- Given data

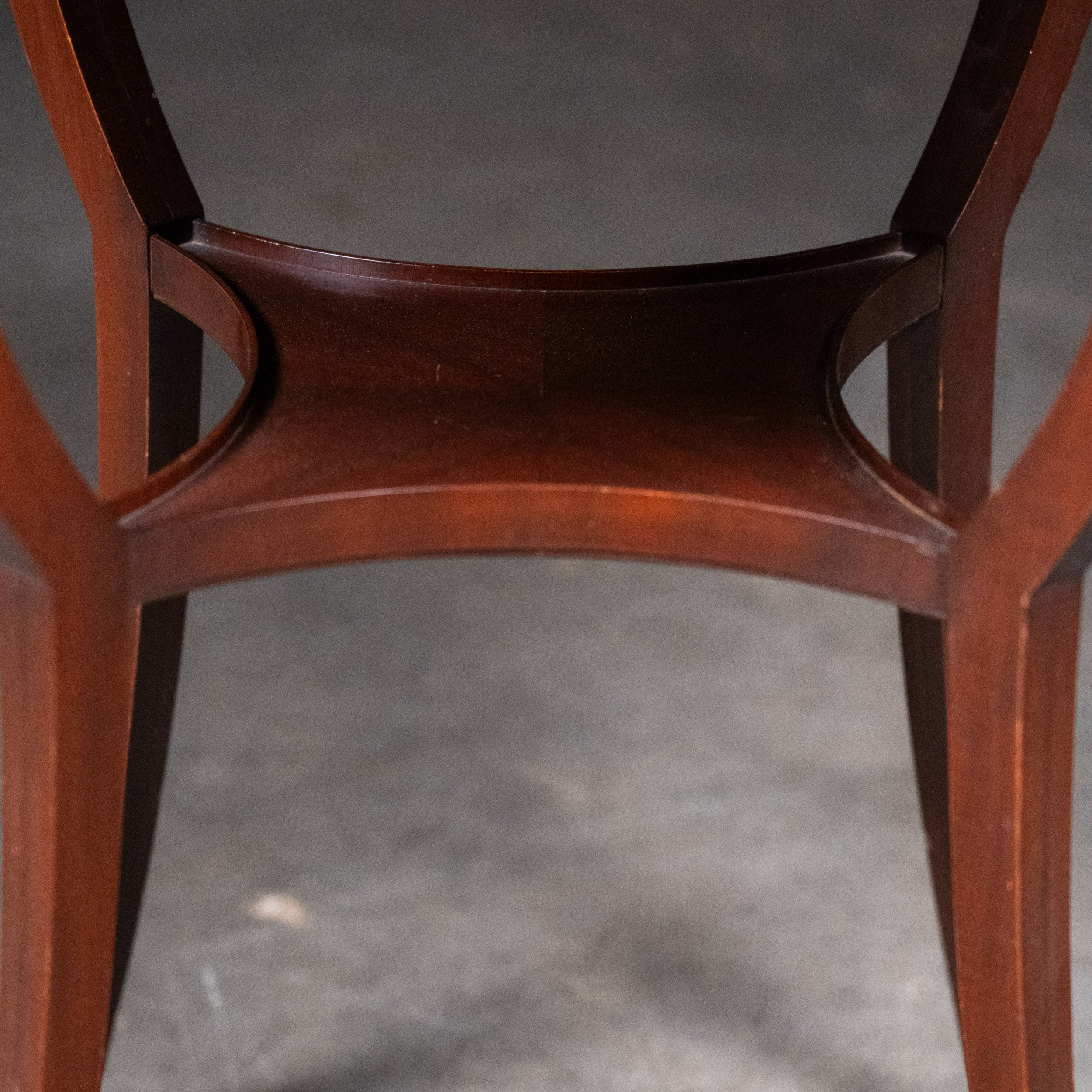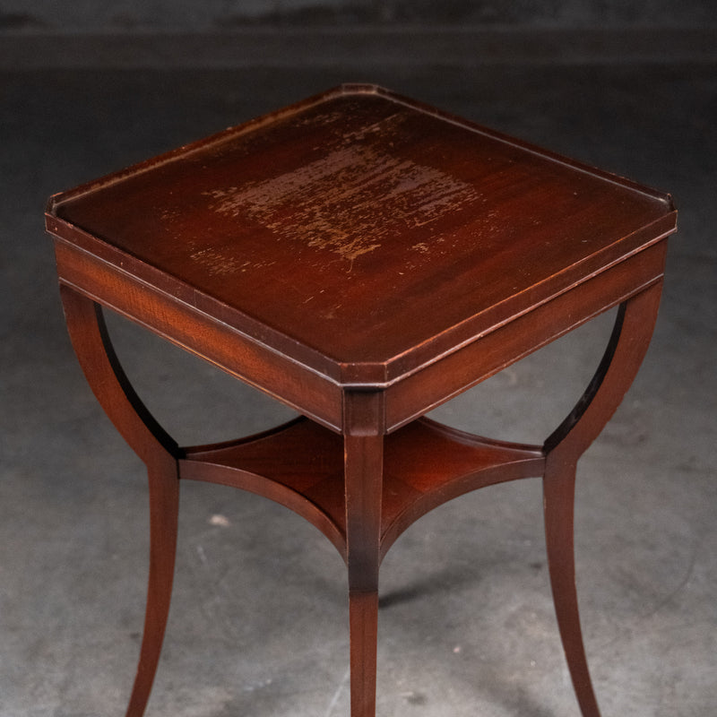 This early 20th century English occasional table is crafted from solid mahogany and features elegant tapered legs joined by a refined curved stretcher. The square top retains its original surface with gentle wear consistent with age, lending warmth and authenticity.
--
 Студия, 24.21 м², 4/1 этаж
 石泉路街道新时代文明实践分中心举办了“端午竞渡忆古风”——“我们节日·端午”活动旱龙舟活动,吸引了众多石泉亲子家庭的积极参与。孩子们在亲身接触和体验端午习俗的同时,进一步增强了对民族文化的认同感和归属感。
...
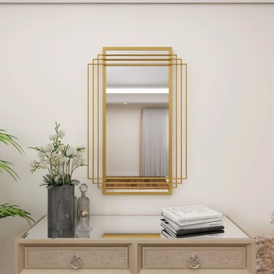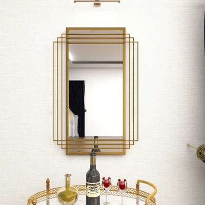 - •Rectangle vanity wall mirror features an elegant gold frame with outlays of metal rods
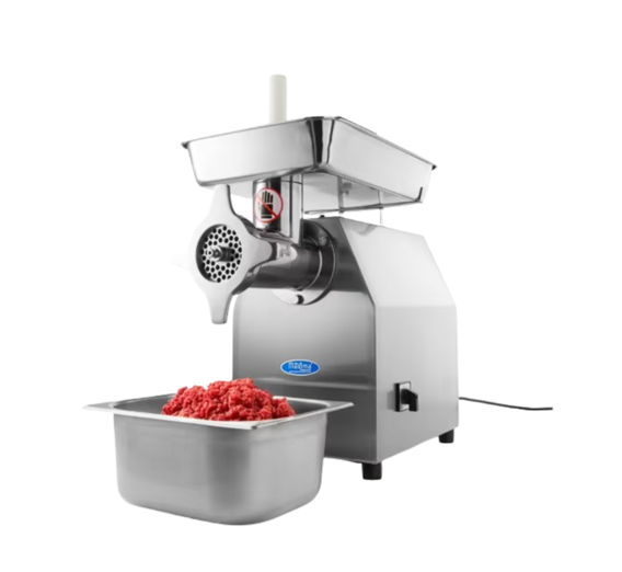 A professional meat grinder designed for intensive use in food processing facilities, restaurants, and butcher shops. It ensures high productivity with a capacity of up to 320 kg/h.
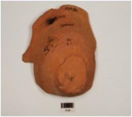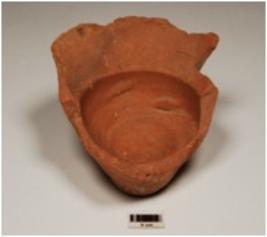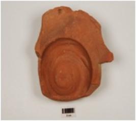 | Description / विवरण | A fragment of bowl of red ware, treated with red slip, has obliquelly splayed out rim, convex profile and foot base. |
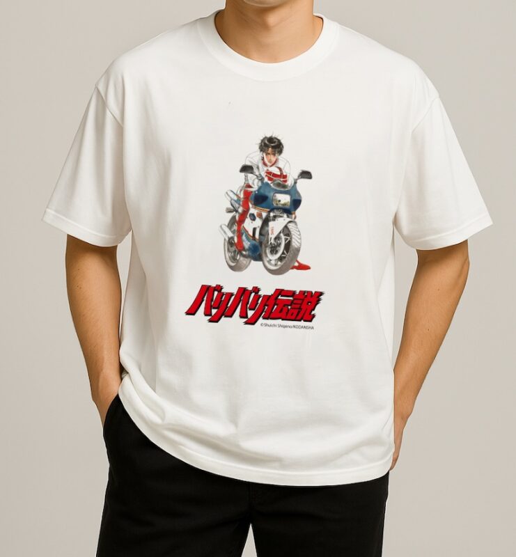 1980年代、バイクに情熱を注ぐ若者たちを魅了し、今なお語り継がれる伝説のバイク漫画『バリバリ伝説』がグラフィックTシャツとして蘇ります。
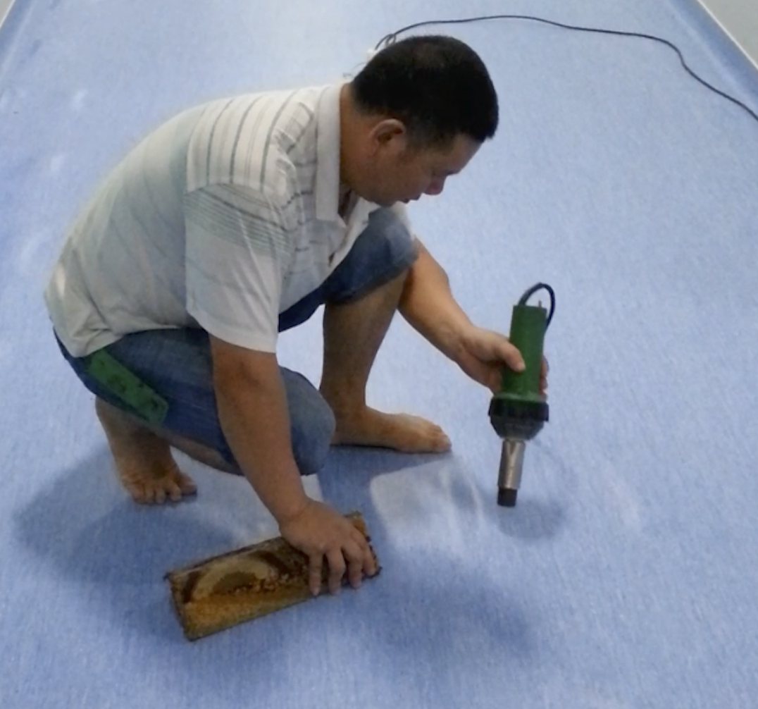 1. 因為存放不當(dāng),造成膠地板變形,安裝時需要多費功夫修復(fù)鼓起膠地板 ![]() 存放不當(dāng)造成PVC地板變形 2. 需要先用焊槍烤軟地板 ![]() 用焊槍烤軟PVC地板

- Your assignment
Make an exact copy of the lines above, beginning with the line with "A professional meat" and ending with the line with "1. 因為存放不當(dāng),造成膠地板變形,安裝時需要多費功夫修復(fù)鼓起膠地板 ![]()", and keep the pictures out of it.

- Response area
 A professional meat grinder designed for intensive use in food processing facilities, restaurants, and butcher shops. It ensures high productivity with a capacity of up to 320 kg/h.
 | Description / विवरण | A fragment of bowl of red ware, treated with red slip, has obliquelly splayed out rim, convex profile and foot base. |
 1980年代、バイクに情熱を注ぐ若者たちを魅了し、今なお語り継がれる伝説のバイク漫画『バリバリ伝説』がグラフィックTシャツとして蘇ります。
 1. 因為存放不當(dāng),造成膠地板變形,安裝時需要多費功夫修復(fù)鼓起膠地板 ![]() 存放不當(dāng)造成PVC地板變形 2. 需要先用焊槍烤軟地板 ![]() 用焊槍烤軟PVC地板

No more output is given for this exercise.